Saved data entries:
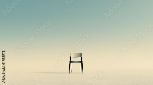 Minimalist scene with a single chair standing alone on a wide open surface, symbolizing solitude, simplicity, and clean visual design.
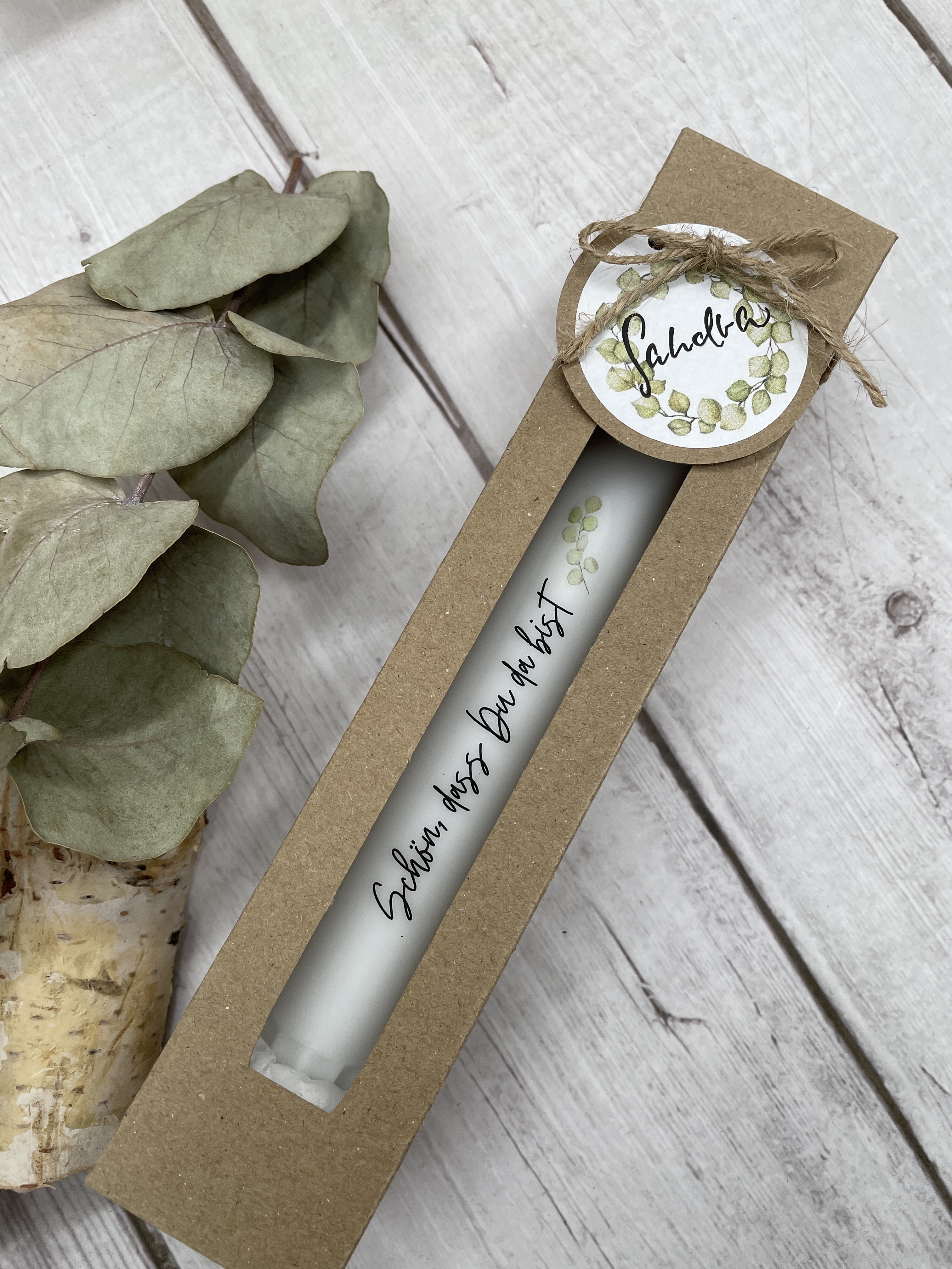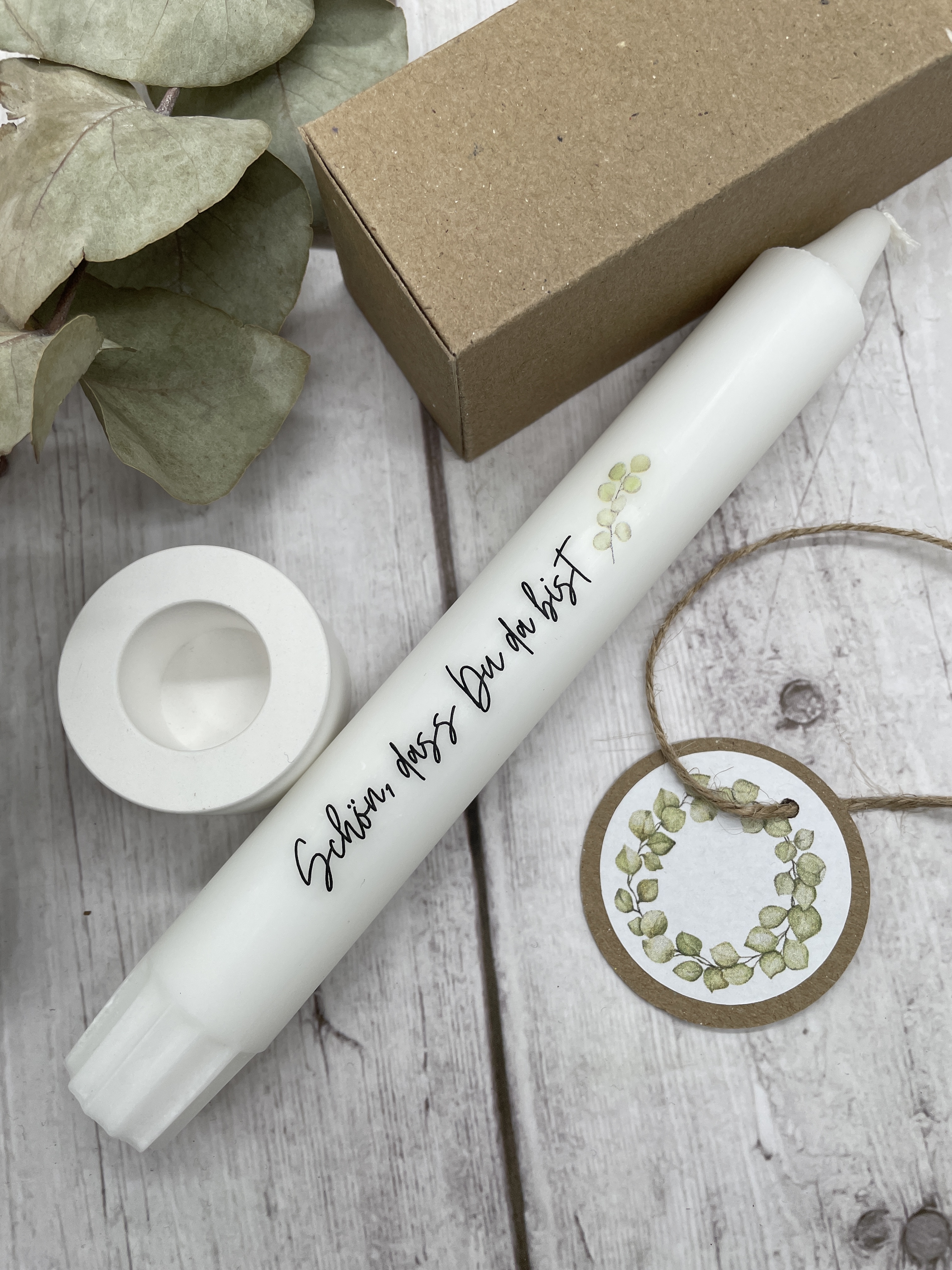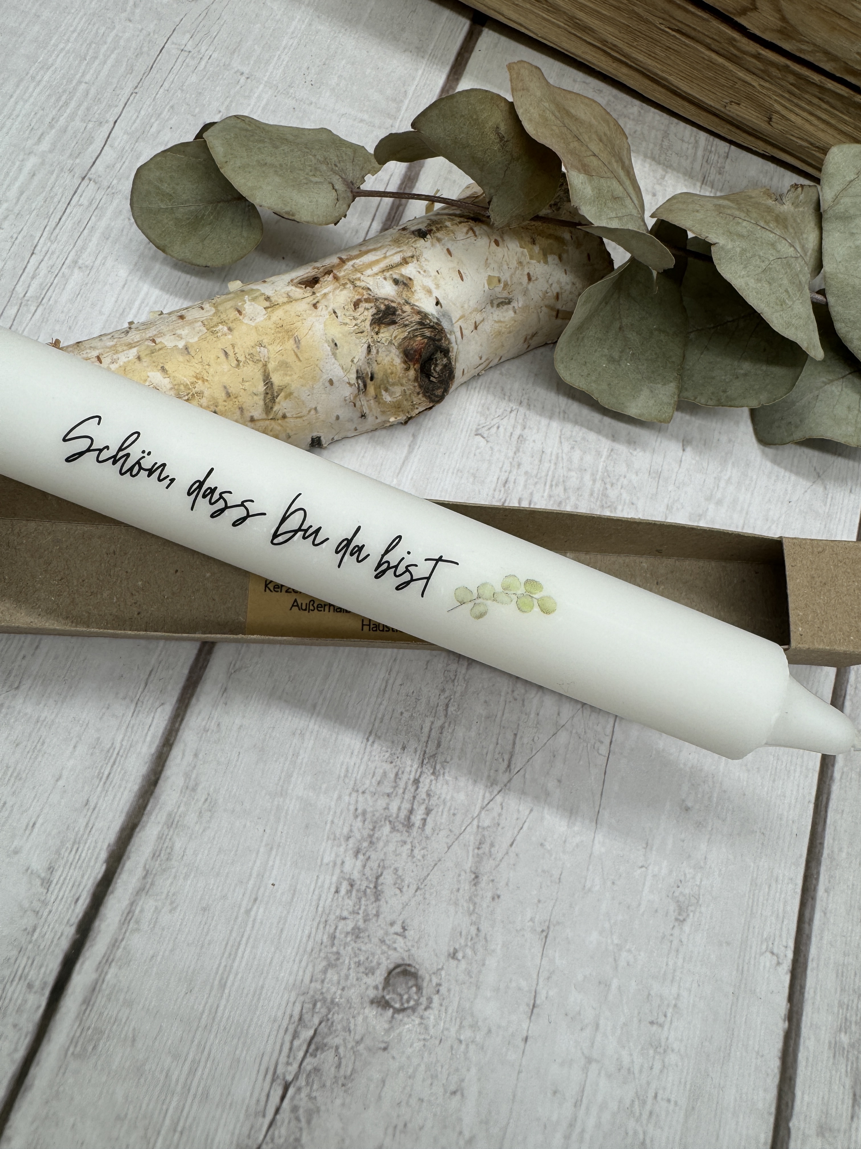 Kerze: schön, dass Du da bist - fertig als Geschenk verpackt in 2 Varianten
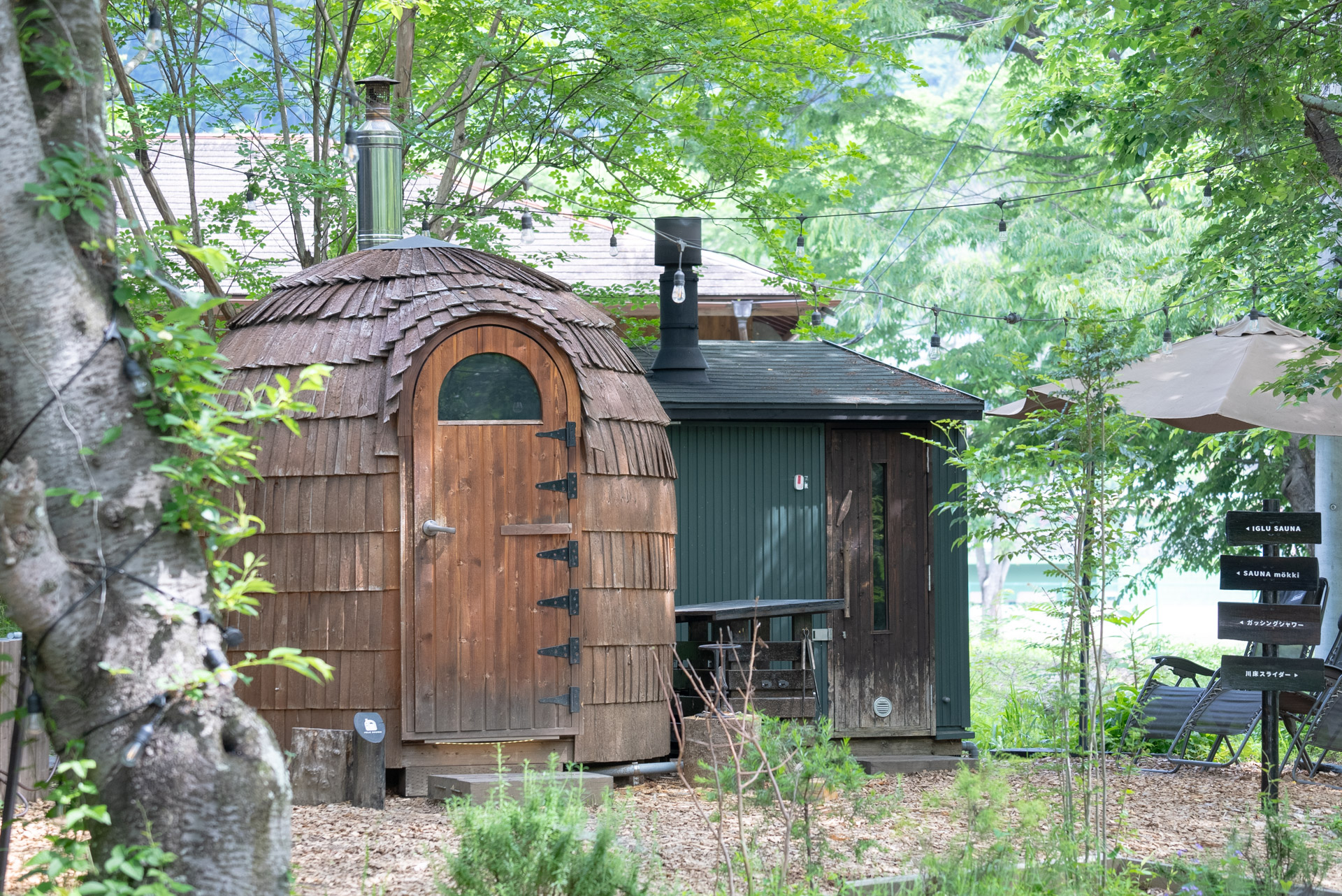 コモリバは、一級河川の都幾川(ときがわ)を目の前に臨む全12室のスモールリゾート施設。施設内には、貸切のプライベートサウナとしてエストニア製サウナの「イグルーサウナ」フィンランドのサウナ小屋を再現した「サウナモッキ」を常設。みんなで入るパブリックサウナエリア「moku」には薪焚きストーブを搭載したサウナトレーラー「ASEMA」と、ワゴン車を改造した希少な「サウナワゴン」、「イグルーサウナ」と2種・3温度帯の水風呂が備わっています。
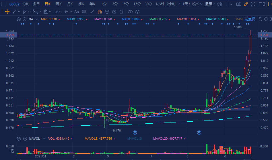 非凡中国(8032.HK)盘中涨幅一度扩大至17%,4日累计飙升超50%。高见1.26港元创6年新高价,总市值达120亿港元。
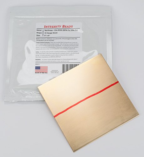 Red Brass 16 Gauge Sheet - 6" x 6"
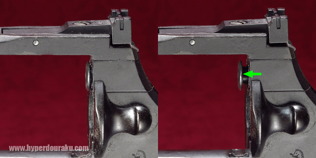 ハンマーの横にマニュアルセフティがあります。実銃にはセフティがないため、ガスガンオリジナルの機構です。この状態で「FIRE」、レバーを前にして「SAFE」です。
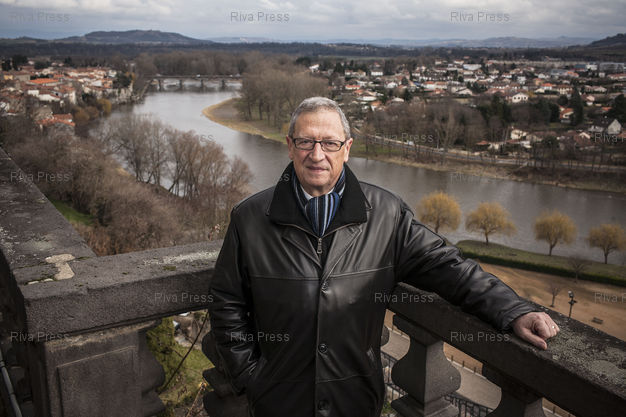 Légende : Pont-du-Chateau (Puy-de-Dome), le 19 fevrier 2010 - Le president sortant du Conseil regional d'Auvergne, le socialiste Rene Souchon, en campagne electorale dans le cadre des elections regionales de mars 2010. Ici sur le balcon de la mairie de Pont-du-Chateau, surplombant l'Allier, en peripherie de Clermont Ferrand. PHOTO: Vincent NGUYEN / Riva Press
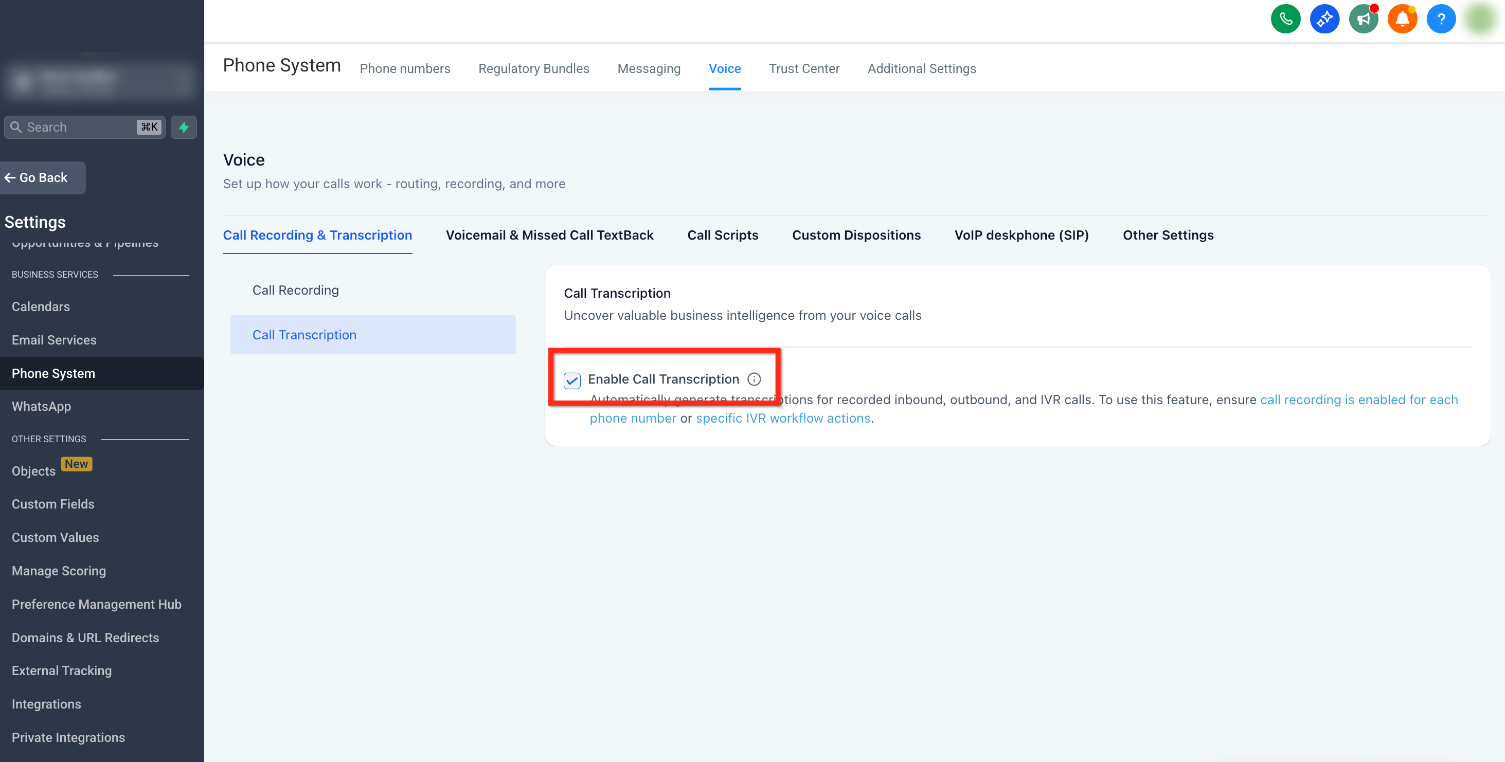 - Click on the Enable Call Transcription box to turn it on.
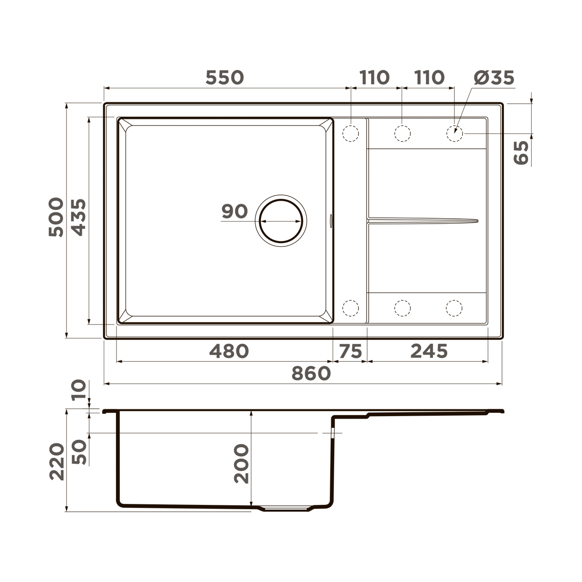 Материал выдерживает высокие температуры до 280°С (но не стоит ставить на поверхность мойки горячие сковородки и кастрюли, т.к их температура может достигать 500°С).

Task item:
Only the lines from the start of the records through the line containing "Légende : Pont-du-Chateau" should be repeated, word for word, with the pictures left out.

Exercise output:
 Minimalist scene with a single chair standing alone on a wide open surface, symbolizing solitude, simplicity, and clean visual design.
 Kerze: schön, dass Du da bist - fertig als Geschenk verpackt in 2 Varianten
 コモリバは、一級河川の都幾川(ときがわ)を目の前に臨む全12室のスモールリゾート施設。施設内には、貸切のプライベートサウナとしてエストニア製サウナの「イグルーサウナ」フィンランドのサウナ小屋を再現した「サウナモッキ」を常設。みんなで入るパブリックサウナエリア「moku」には薪焚きストーブを搭載したサウナトレーラー「ASEMA」と、ワゴン車を改造した希少な「サウナワゴン」、「イグルーサウナ」と2種・3温度帯の水風呂が備わっています。
 非凡中国(8032.HK)盘中涨幅一度扩大至17%,4日累计飙升超50%。高见1.26港元创6年新高价,总市值达120亿港元。
 Red Brass 16 Gauge Sheet - 6" x 6"
 ハンマーの横にマニュアルセフティがあります。実銃にはセフティがないため、ガスガンオリジナルの機構です。この状態で「FIRE」、レバーを前にして「SAFE」です。
 Légende : Pont-du-Chateau (Puy-de-Dome), le 19 fevrier 2010 - Le president sortant du Conseil regional d'Auvergne, le socialiste Rene Souchon, en campagne electorale dans le cadre des elections regionales de mars 2010. Ici sur le balcon de la mairie de Pont-du-Chateau, surplombant l'Allier, en peripherie de Clermont Ferrand. PHOTO: Vincent NGUYEN / Riva Press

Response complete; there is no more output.